Abstract

In the last chapter, our consideration of camp epidemics ended with an examination of a strange and debilitating illness that, prior to World War II, was hardly known to medical science—Q fever or ‘Balkan grippe’. Historically, Q fever is one of many seemingly ‘new’ diseases that have suddenly and unexpectedly erupted into military conciousness. In Chapter 2, for example, we saw how maladies such as the mysterious English sweating sickness, along with venereal syphilis, typhus fever, and yellow fever, appeared—ostensibly for the first time—in association with wars of the fifteenth, sixteenth, and seventeenth centuries. More recently, trench fever (World War I, 1914–18), scrub typhus (World War II, 1939–45) and Korean haemorrhagic fever (Korean War, 1950–3) provide twentieth-century examples of the emergence phenomenon (Macpherson et al., 1922–3; Philip, 1948; Gajdusek, 1956). At the same time, wars have also served to fuel the epidemic re-emergence of many classical diseases, of which human plague (Vietnam War, 1964–73), visceral leishmaniasis (Sudanese Civil War, 1956–), and diphtheria (Tajikistan Civil War, 1992–) are recent instances (Velimirovic, 1972; Seaman et al., 1996; Keshavjee and Becerra, 2000).

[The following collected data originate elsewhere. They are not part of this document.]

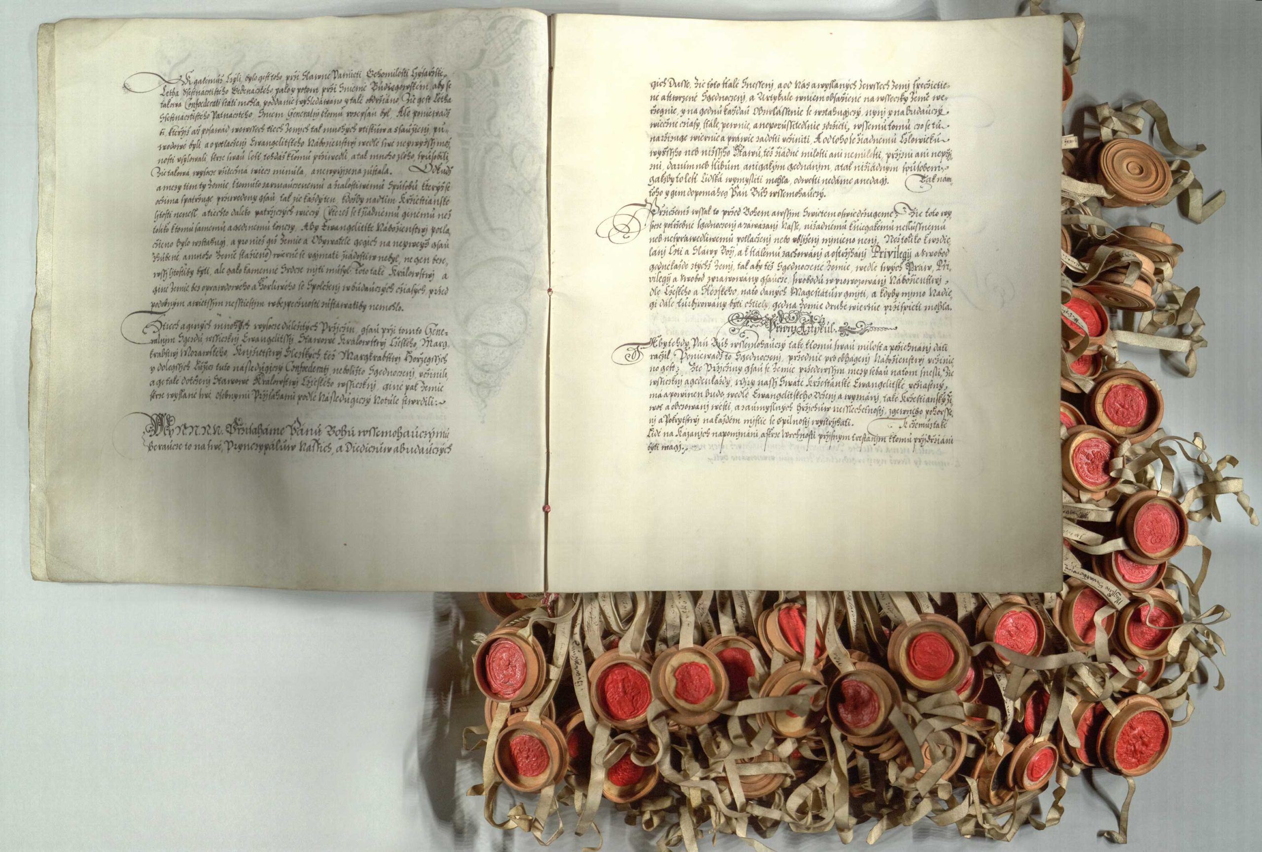 Zástupci stavů zemí České koruny přijímají novou společnou ústavu českého státu, který se stává konfederací, 1619, 31. červenec, Pražský hrad, NA, AČK, inv. č. 2328 (2. český exemplář)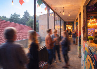 Statt einer klassischen Ausstellung erwartet die Besucher ein begehbares Gesamterlebnis – Jeder Raum und offener Bereich erzählt ein eigenes Thema, zugleich verbindet eine gemeinsame gestalterische Konstante das gesamte Gebäude wie ein roter Faden, dem man spielerisch folgen kann. Die Designtage verleihen dem Ort für eine begrenzte Zeit genau jene Lebendigkeit und Innovationskraft, die später auch das Wohnen für Studierende, Auszubildende und Berufseinsteiger prägen soll.
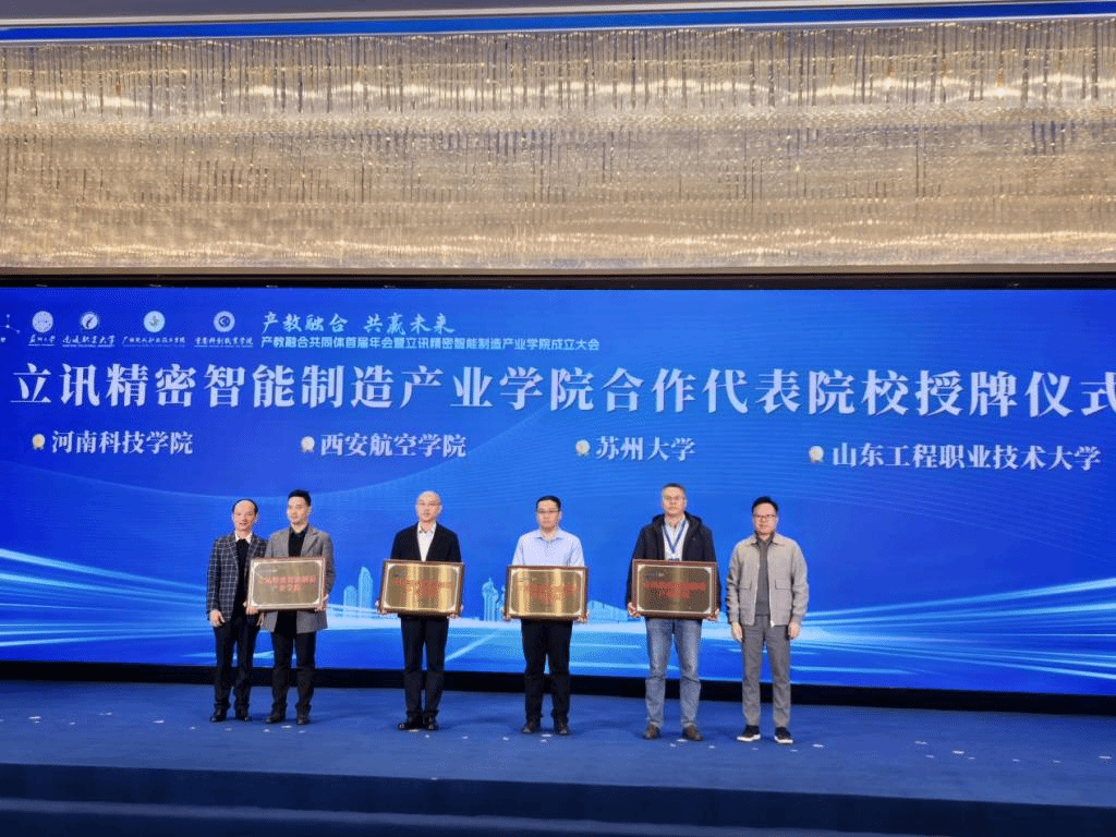 11月28日,产教融合共同体首届年会暨立讯精密智能制造产业学院成立大会在江苏昆山召开,高校及行业龙头企业代表参会。同时,我校教务处、机电学院作为立讯精密智能制造产业学院合作院校代表出席大会。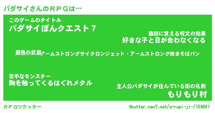 | 男性向けラノベタイトル風あだ名 | 『バダサイの憂鬱』 |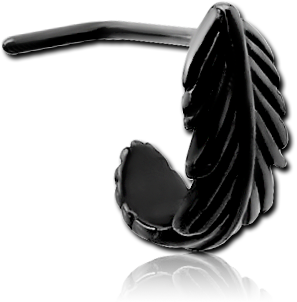 BLACK PVD COATED SURGICAL STEEL GRADE 316L 90 DEGREE WRAP AROUND NOSE STUD - FEATHER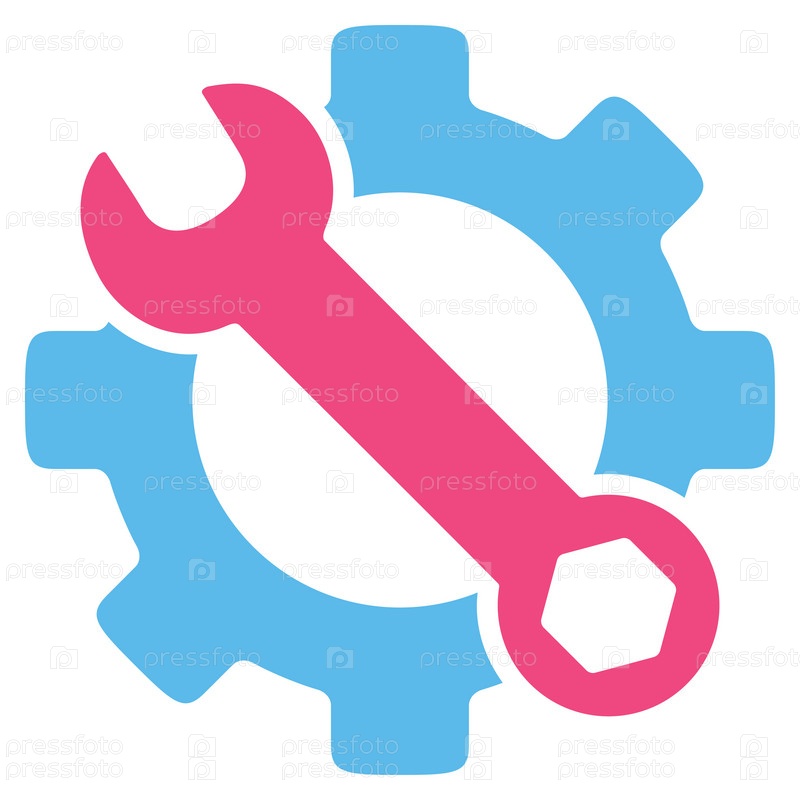 Значок службы инструментов иллюстрации. Стиль является биколор плоский символ, розовый и голубой цвета, закругленные углы, белый фон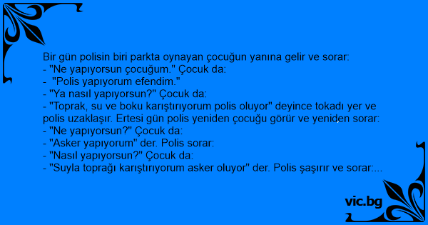 - "Toprak, su ve boku karıştırıyorum polis oluyor" deyince tokadı yer ve polis uzaklaşır. Ertesi gün polis yeniden çocuğu görür ve yeniden sorar:

In the present chapter, we develop the theme of war and disease emergence and re-emergence, taking selected conflicts and diseases in the Asian and Far Eastern theatres to provide examples. We begin in Sect. 9.2 by locating war within the broader conceptual framework of emerging and re-emerging diseases. Subsequent sections examine the wartime emergence of three zoonoses which, on their novel appearance in deployed western troops, prompted a series of landmark epidemiological investigations into the diseases concerned: scrub typhus among Allied forces in Burma–India during World War II (Sect. 9.3) and Japanese encephalitis and Korean haemorrhagic fever in the UN Command during the Korean War (Sect. 9.4). We then turn to the wartime re-emergence of classical diseases, illustrating the theme with reference to US troops (malaria) and Vietnamese civilians (human plague) during the Vietnam War (Sect. 9.5). The chapter is concluded in Section 9.6.